I missed quite the debate. I agree with tim that its possible the plan could backfire but rather then change the details I think you need a bounty for open source designs.

@timolson how do you go about designing an asic? I’m afraid my hardware experience is only the game mhrd, yet it seems a topic no one knows

No, 64 MB of SRAM is the full 2^29 bits node bitmap for cuckatoo29, i.e. PART_BITS = 0.

I consider the first round of trimming. A single trimming round has 2^PART_BITS passes. Line 155 of https://github.com/tromp/cuckoo/blob/master/src/cuckatoo/lean.cu loops over rounds, and line 156 over passes.

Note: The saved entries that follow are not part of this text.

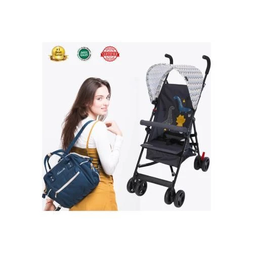 Enjoy ultimate convenience and functionality on your family outings with the Teknum Eco Lite Stroller & Alameda Ace Diaper Bag Combo -Yellow Wave by SAMBOX. This smartly designed travel combo includes the lightweight Teknum Eco Lite Stroller featuring a modern black frame with playful dinosaur prints, a spacious storage basket, and an ultra-durable 300D fabric canopy for UV and sun protection. With a 5-point safety harness, additional handrail, one-foot braking system, and 360° swivel front wheels, this stroller provides both safety and ease for your babys comfort on the go. Paired perfectly with the Alameda Ace Diaper Bag, this versatile companion is made of water-resistant, high-density twill nylon, and converts seamlessly between a fashionable messenger bag and a lightweight backpack. With insulated pockets, reinforced straps, and multiple compartments, it's the ideal accessory for mums juggling coffee dates, shopping trips, or day outings with their little ones. This combo brings together style, safety, and practicality in one compact, travel-ready set.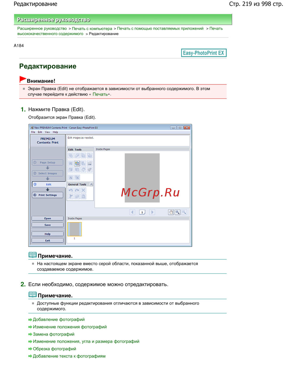 Стр. 219 из 998 стр.Редактирование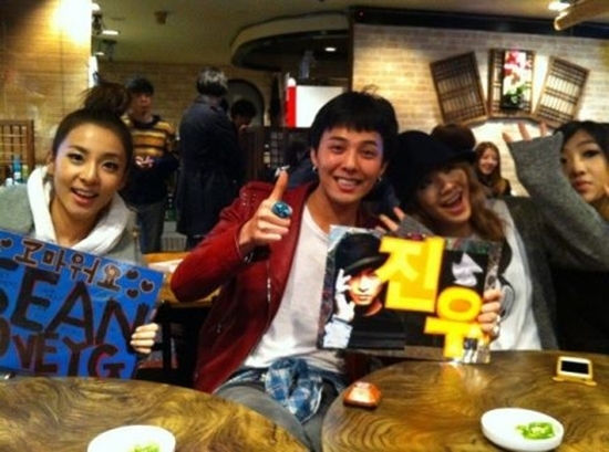 공개된 사진은 올해 지난 1월 일본 오사카 교세라 돔에서 열린 ‘YG패밀리 15주년 기념 콘서트’가 끝난 후 촬영한 것으로 걸그룹 2NE1의 산다라박, 씨엘, 공민지와 그룹 빅뱅의 지드래곤의 모습이 담겨 있다. 이들은 ‘진우’,‘고마워요 션’이라는 문구가 적힌 플래카드를 들고 지누션의 팬클럽이 된 듯한 연출을 하고 있어 웃음을 자아낸다.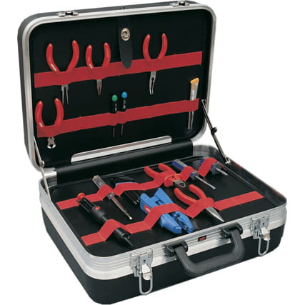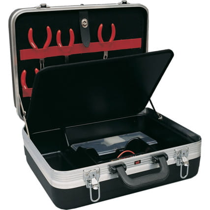 Konstrukcja przeciwudarowa. Dwa dopasowane panele narzędziowe na zawiasach z elastycznymi uchwytami pętlowymi na narzędzia. Kieszeń na dokumenty w pokrywie. Główny pojemnik z przegródkami. Podwójny zamek. 2 komplety kluczy.Specyfikacja produktu:

No, it wouldn’t, since number of remaining edges decreases geometrically. On average, an edge is hashed in less than 4 trimming rounds. And is hashed twice in a round, once in count_node_deg, and once in kill_leaf_edges. A siphash computation should cost much less energy than an SRAM lookup.

OH! I thought we were talking about Cuckatoo-32, which explains my confusion. Didn’t we start the conversation talking about a 7GB mean table?

I am NOT going to claim that a Cuckoo 29 ASIC can’t run lean miner with an edge liveness table! Plenty of room for that.

Are you saying that Cuckatoo-29 will be allowed on mainnet? I thought it was just a testnet thing.

Before I embarrass myself further, can we clarify the parameters for the ASIC discussion? Everything I said so far assumed C-32 where an edge liveness table wouldn’t fit on-chip without cutting memory at least by 2 and suffering the extra time & power per hash.

If the lean miner uses external memory, then the bottleneck is bandwidth. To fix bandwidth issues, use more dimms. Dimms have lots of storage, for lean mining all this storage is wasted.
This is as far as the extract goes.